**Exercise brief:** Note on the material below: return exactly the lines from the line that holds "a) Tonbestimmung Aufschließung" through the line that holds "通用股份:融资净偿还2050.88万元,融资余额2.73亿元(01-17)", and leave out each picture.

**Dataset excerpts:**
###
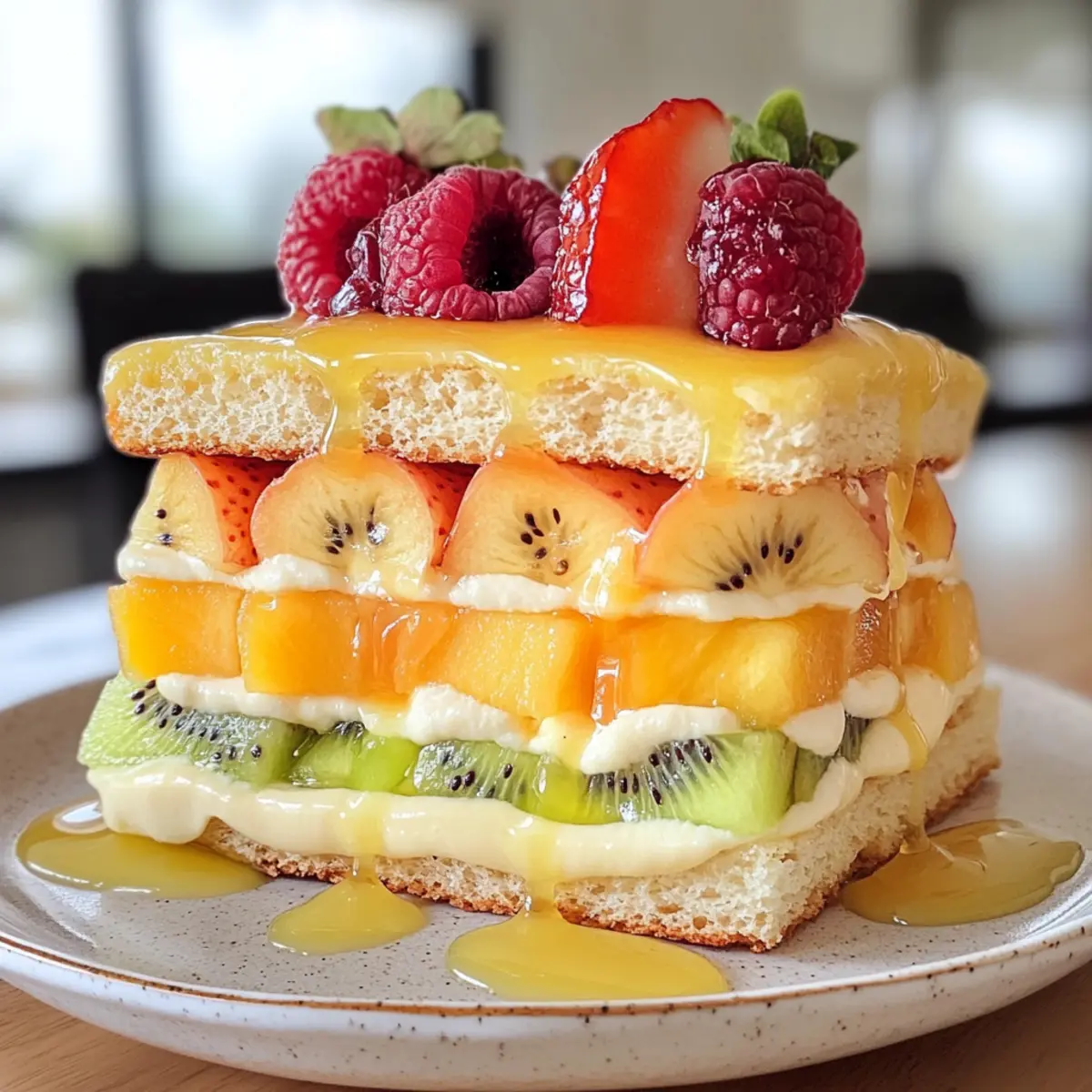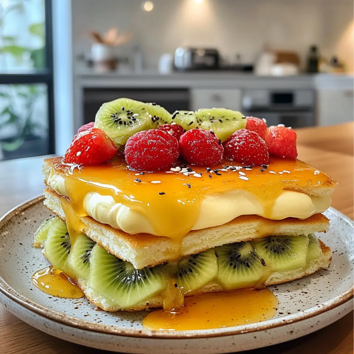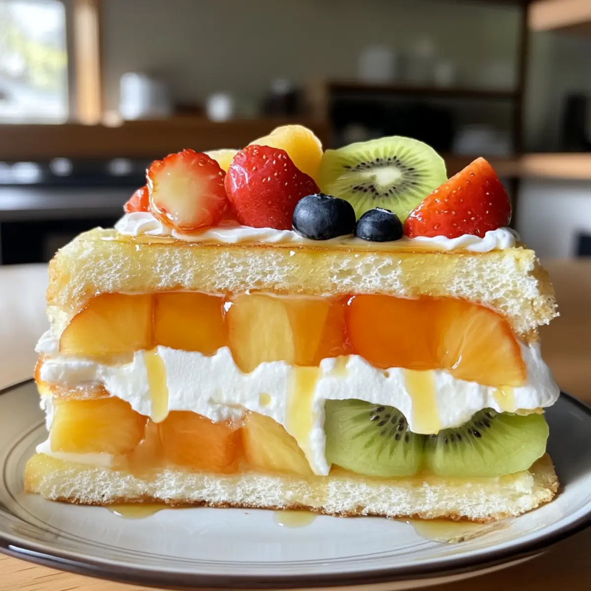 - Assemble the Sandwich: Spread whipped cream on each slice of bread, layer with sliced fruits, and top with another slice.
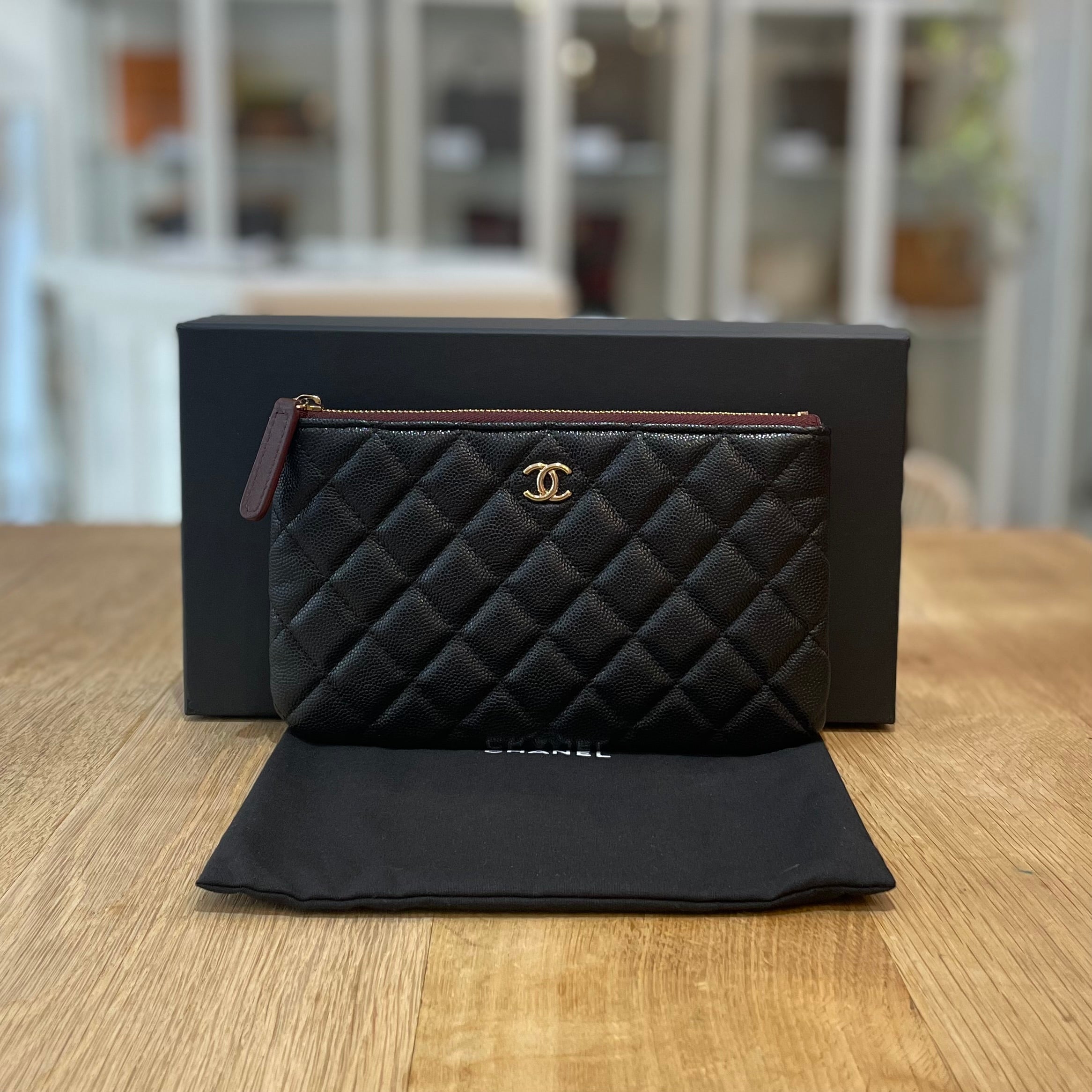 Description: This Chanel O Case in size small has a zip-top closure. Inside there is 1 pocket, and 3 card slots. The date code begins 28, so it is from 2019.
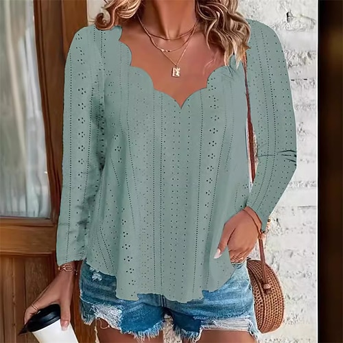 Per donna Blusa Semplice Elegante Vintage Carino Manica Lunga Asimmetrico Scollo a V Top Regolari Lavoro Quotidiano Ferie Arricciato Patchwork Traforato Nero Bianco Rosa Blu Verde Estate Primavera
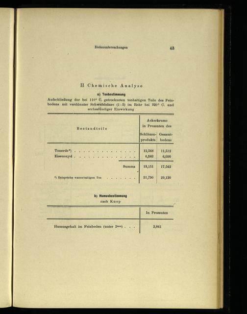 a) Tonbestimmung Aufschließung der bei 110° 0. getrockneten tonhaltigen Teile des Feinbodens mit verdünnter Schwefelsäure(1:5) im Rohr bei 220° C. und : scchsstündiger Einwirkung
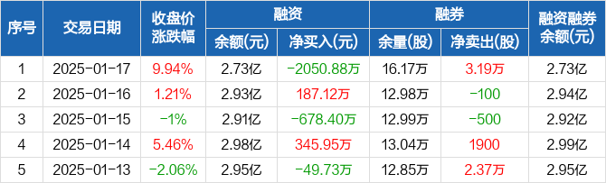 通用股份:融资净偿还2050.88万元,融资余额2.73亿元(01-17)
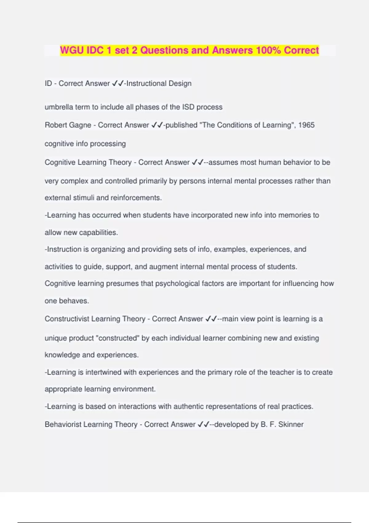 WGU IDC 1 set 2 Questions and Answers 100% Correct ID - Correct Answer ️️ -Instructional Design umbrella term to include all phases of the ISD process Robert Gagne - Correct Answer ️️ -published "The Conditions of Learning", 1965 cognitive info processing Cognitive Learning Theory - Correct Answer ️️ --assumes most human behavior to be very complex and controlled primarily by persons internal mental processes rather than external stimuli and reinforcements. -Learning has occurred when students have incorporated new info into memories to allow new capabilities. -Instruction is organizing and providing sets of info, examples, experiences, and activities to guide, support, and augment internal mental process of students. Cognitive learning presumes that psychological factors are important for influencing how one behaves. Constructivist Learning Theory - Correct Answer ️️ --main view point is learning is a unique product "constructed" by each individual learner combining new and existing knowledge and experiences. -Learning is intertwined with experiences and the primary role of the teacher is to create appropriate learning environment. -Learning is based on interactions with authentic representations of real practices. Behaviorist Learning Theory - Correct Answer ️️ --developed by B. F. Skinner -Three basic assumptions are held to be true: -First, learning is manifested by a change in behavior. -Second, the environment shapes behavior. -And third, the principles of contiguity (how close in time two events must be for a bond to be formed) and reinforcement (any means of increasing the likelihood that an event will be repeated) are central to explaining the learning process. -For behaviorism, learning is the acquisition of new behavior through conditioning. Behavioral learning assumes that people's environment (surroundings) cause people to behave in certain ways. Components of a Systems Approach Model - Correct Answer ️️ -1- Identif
###
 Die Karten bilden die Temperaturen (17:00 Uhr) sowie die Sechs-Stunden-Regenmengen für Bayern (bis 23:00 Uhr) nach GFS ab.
###
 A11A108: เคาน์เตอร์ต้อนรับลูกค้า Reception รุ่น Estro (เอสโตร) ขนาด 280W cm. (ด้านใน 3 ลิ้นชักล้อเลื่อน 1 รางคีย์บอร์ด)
###
**Answer space:**
 a) Tonbestimmung Aufschließung der bei 110° 0. getrockneten tonhaltigen Teile des Feinbodens mit verdünnter Schwefelsäure(1:5) im Rohr bei 220° C. und : scchsstündiger Einwirkung
 通用股份:融资净偿还2050.88万元,融资余额2.73亿元(01-17)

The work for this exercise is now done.